Sen. Kamala Harris speaks during the second night of the first Democratic presidential candidates debate in Miami, Fla., June 27, 2019. (Mike Segar/Reuters)

Perhaps Kamala Harris’s favorite tagline during last week’s debate was that, when it comes to questions of policy, “we have to think about how this affects real people.” That might sound grounded and good-hearted, but the emphasis on “real people” so often translates to an emphasis on impassioned anecdotes. These anecdotes then become faulty generalizations and are treated as evidence for the legitimacy of any possible policy proposal — a recurring theme of Harris’s debate performance.
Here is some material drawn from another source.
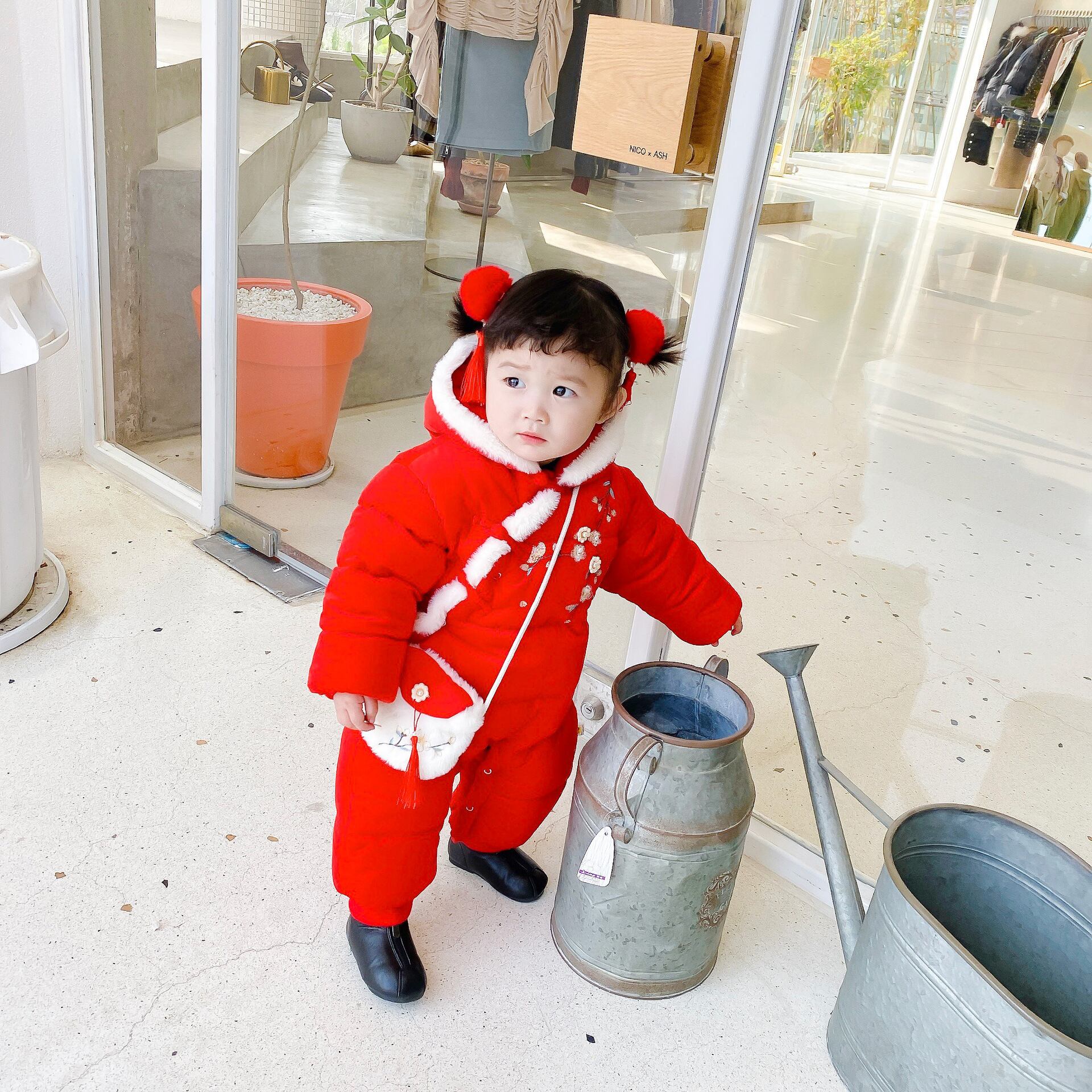 スタイルウィンター刺繍ベルベットロング コットン 冬物 フラワーデザイン 超面白いベビーショップ70800283305

An example: Harris stated that she had “been traveling around the country . . . meeting people who are working two and three jobs.” From these meetings, she concluded that America is in some form of employment crisis under this administration (despite the record-low unemployment rate) because people in America are working two and three jobs just “to put food on the table.”

Harris, however, remained especially vague as to the actual number of Americans forced to work multiple jobs to feed their families. The reality is, according to the Bureau of Labor Statistics, less than 5 percent of Americans worked more than one job in 2018. Further, only 3.2 percent of that 5 percent work a full-time job alongside of a part-time job (instead of two part-time jobs). And, recorded within that 3.2 percent are freelance artists, moonlight writers, and weekend Uber drivers — in short, it is hard to gauge whether the majority were working multiple jobs simply to “put food on the table” as Harris suggested, or if they were simply unsatisfied with their regular job (as the Census Bureau suggests).

Perhaps what is most telling, however, is that the percentage of Americans who are working two full-time jobs is almost too negligible for the BLS to record, at 0.2 percent. To top it off, the number of Americans working multiple jobs has stayed fairly steady since 1970, and it has been on a noticeable decline since the ’90s.

Her method of reasoning from the premise that she has met people who work multiple jobs to the conclusion that there is an employment crisis in the U.S. is an exemplary case of the fallacy of defective induction: concluding that something is generally the case because it is the case in a few instances. (Of course, Harris certainly was not the first, nor will she be the last, politician to enlist this fallacy in public speech.)

As the campaigning continues over these next 500 days, my plea is this: Beware the stories of  “real people” in political debates and the emotionally charged anecdote — this is true across the aisle, by the way — for a fallacy of defective induction is likely bringing up the rear.